22. A riser configuration as claimed in claim 21, wherein the
buoyant elements are adapted to maintain the flexible riser portion
above the rigid riser portion in a region of connection between the
riser portions.
23. A riser configuration as claimed in claim 21 wherein the
buoyant elements are adapted to maintain the flexible riser portion
in a steep wave configuration.
24. A riser configuration as claimed in claim 21, wherein the
flexible riser portion is connected to the rigid riser portion by a
vertical connector.
25. A riser configuration as claimed in claim 24, wherein the
flexible riser portion comprises a gooseneck about the vertical
connector to support a change in angle of the flexible riser
portion.
26. A riser configuration as claimed in claim 21, wherein the
buoyancy of the buoyant elements is adjustable such that the depth
of the flexible, riser portion relative to the rigid riser portion
is controlled.
27. A riser configuration according to claim 26, wherein the subsea
buoy comprises one or more tanks which are floodable to alter
buoyancy of the subsea buoy and thus a depth at which the riser
portions are connected.
28. A riser configuration as claimed in claim 21, wherein the one
or more buoyant elements comprise one or more collars surrounding
the flexible riser portion.
29. A riser configuration as claimed in 21 wherein the one or more
buoyant elements comprise one or more buoyant modules which are
tethered to the flexible riser portion.
30. A riser configuration as claimed in claim 29, wherein the one
or more buoyant modules have conical ends.
31. A riser configuration as claimed in claim 21, wherein the
buoyant elements support the weight of the flexible riser portion
in use, whereby the flexible riser portion is self supporting.
32. A riser configuration according to claim 21, wherein the rigid
riser portion is a steel catenary riser.
33. A riser configuration as claimed in claim 32, wherein the
subsea buoy further comprises a connector for securing the rigid
riser portion to the subsea buoy the connector comprising an arm
extending laterally from the subsea buoy with a socket at the free
end of the arm for receiving the steel catenary riser.

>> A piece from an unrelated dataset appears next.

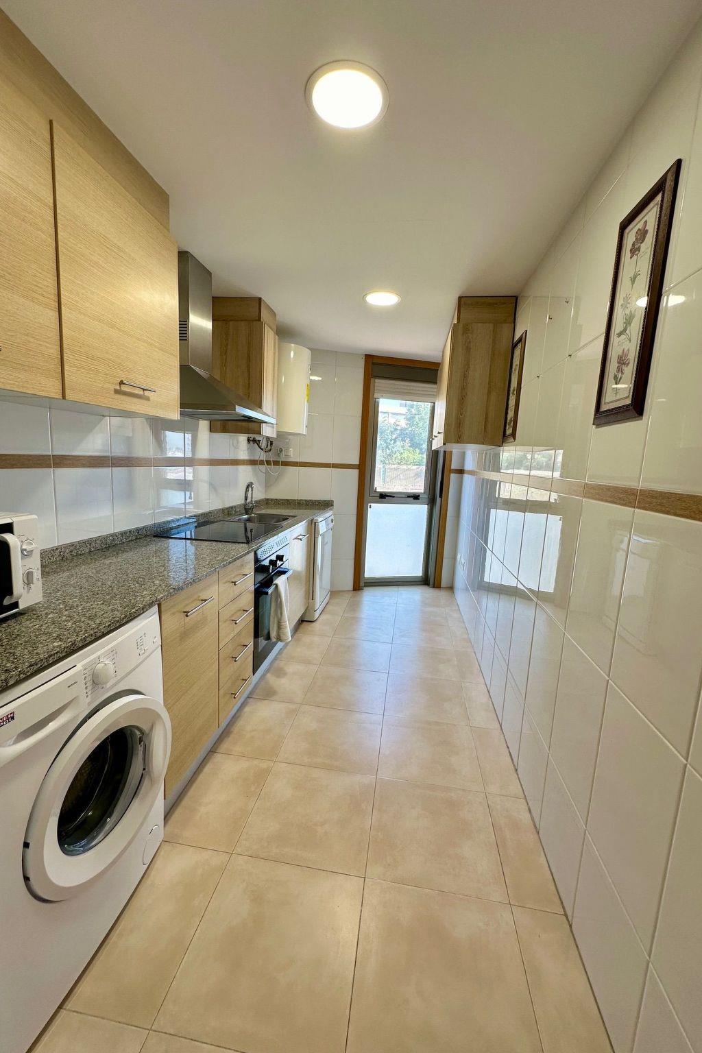 Im Inneren empfängt Sie die Wohnung mit einer Atmosphäre von Komfort und Funktionalität. Sie ist mit allem ausgestattet, was Sie für einen sorglosen Aufenthalt benötigen. Das Hauptschlafzimmer ist mit einem bequemen Doppelbett ausgestattet und das zweite mit zwei Einzelbetten, ideal für Begleitpersonen oder Kinder. Darüber hinaus bietet ein Schlafsofa im Gemeinschaftsbereich zusätzlichen Platz für zwei weitere Personen. Für Ihren Komfort verfügt die Unterkunft über zwei Badezimmer, eines mit Dusche und eines mit Badewanne, sowie eine voll ausgestattete Küche, in der Sie Ihre Lieblingsgerichte zubereiten können, eine Waschmaschine zur alleinigen Nutzung und einen Geschirrspüler, um Ihren Aufenthalt noch angenehmer zu gestalten.

34. A riser configuration as claimed in claim 21, wherein the
subsea buoy further comprises structural frame members connected by
a pontoon.
35. A riser configuration as claimed in claim 34, wherein the
pontoon is adapted to support umbilicals mounted on the subsea
buoy.
36. A riser configuration as claimed in claim 21, wherein the
subsea buoy is provided with a plurality of tethers to anchor the
subsea buoy to the seabed.
37. A riser configuration according to claim 36, wherein the subsea
buoy is tethered to the seabed at a depth which is below the local
high surface current profile band.
38. A riser configuration according to claim 21, wherein the riser
configuration comprises a plurality of rigid riser portions and a
plurality of corresponding flexible riser portions.

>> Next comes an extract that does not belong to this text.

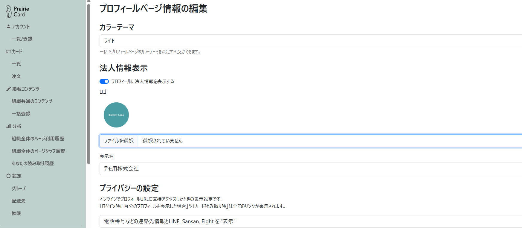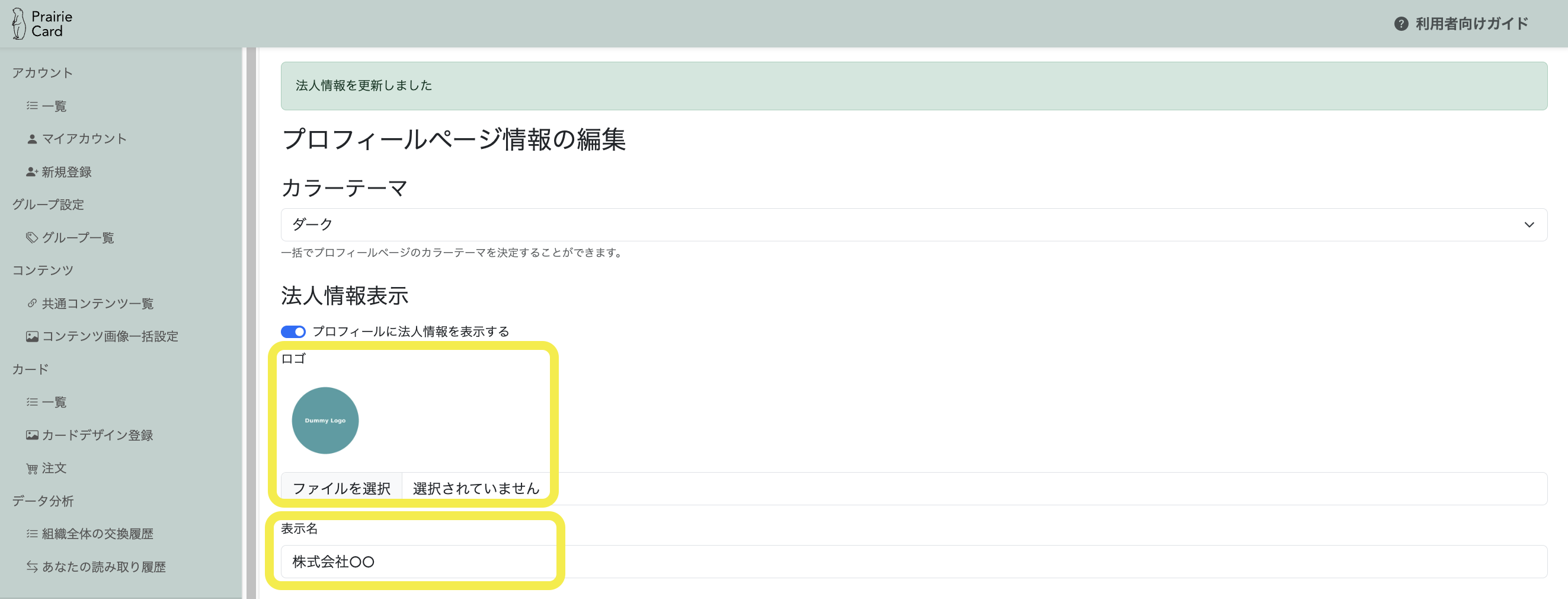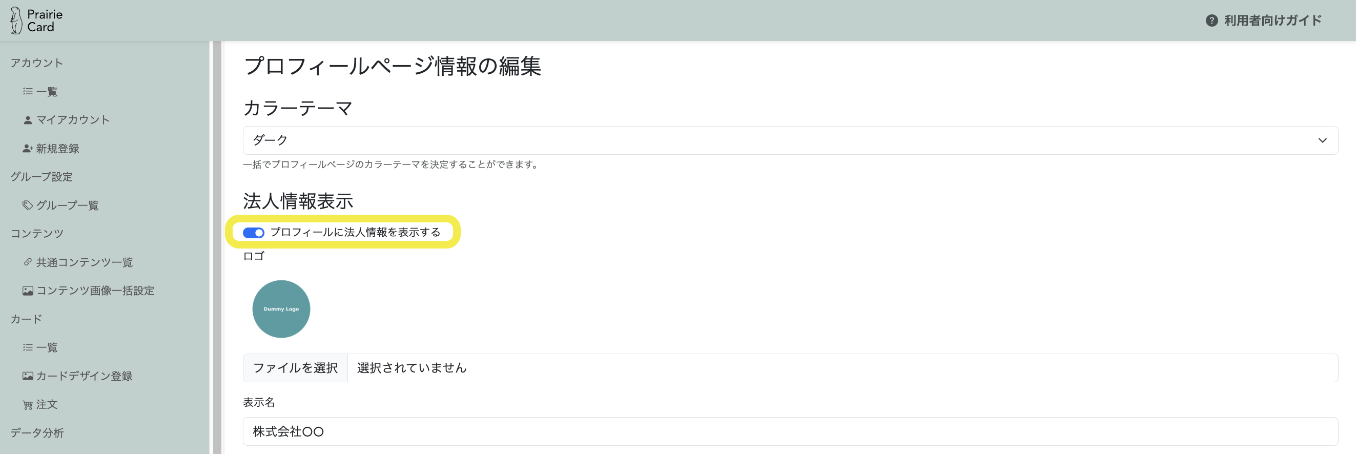プロフィールページに法人情報(ロゴ、表示名)を表示するかどうかをご選択いただけます。

39. A riser configuration according to claim 38, wherein adjacent
flexible riser portions are spaced or staggered to prevent
clashing.
40. A riser configuration according to claim 27 wherein the riser
configuration comprises a plurality of rigid riser portions and a
plurality of corresponding flexible riser portions and wherein the
subsea buoy comprises a plurality of tanks, wherein each of said
tanks is associated with one or more rigid riser portions.
Description
[0001] This invention relates to a riser configuration, more
particularly to an improved riser configuration which is
particularly suited to deep water hydrocarbon production facilities
and more directly to a hybrid riser comprising rigid and flexible
components.
[0002] A significant proportion of hydrocarbons are found in subsea
reservoirs some in shallow waters but many in deep water areas. As
the cost of producing hydrocarbons from deep water areas is
significantly higher than shallow areas, production has focused in
the shallow areas and as the supply from these fields decreases,
production has gradually moved to reservoirs in deeper waters.
[0003] Typically production from deep water fields is now being
carried out at depths of over 2000 m. In these fields, rather than
installing a platform which is supported on piles on the seabed, a
floating production, separation and offloading vessel (FPSO) may be
anchored at a suitable location offshore above the field. The
produced fluids are recovered from one or more subsea wells to the
seabed and then carried along pipelines laid on the seabed to the
FPSO. The fluids are processed and stored on the FPSO before being
transported for example by tanker to an onshore facility for
further production or distribution.
[0004] The connection between the pipe line laid on the seabed and
the FPSO is typically provided by a steel catenary riser (SCR)
which is a heavy rigid steel pipe which is resistant to the
corrosive effects of the fluids flowing therein.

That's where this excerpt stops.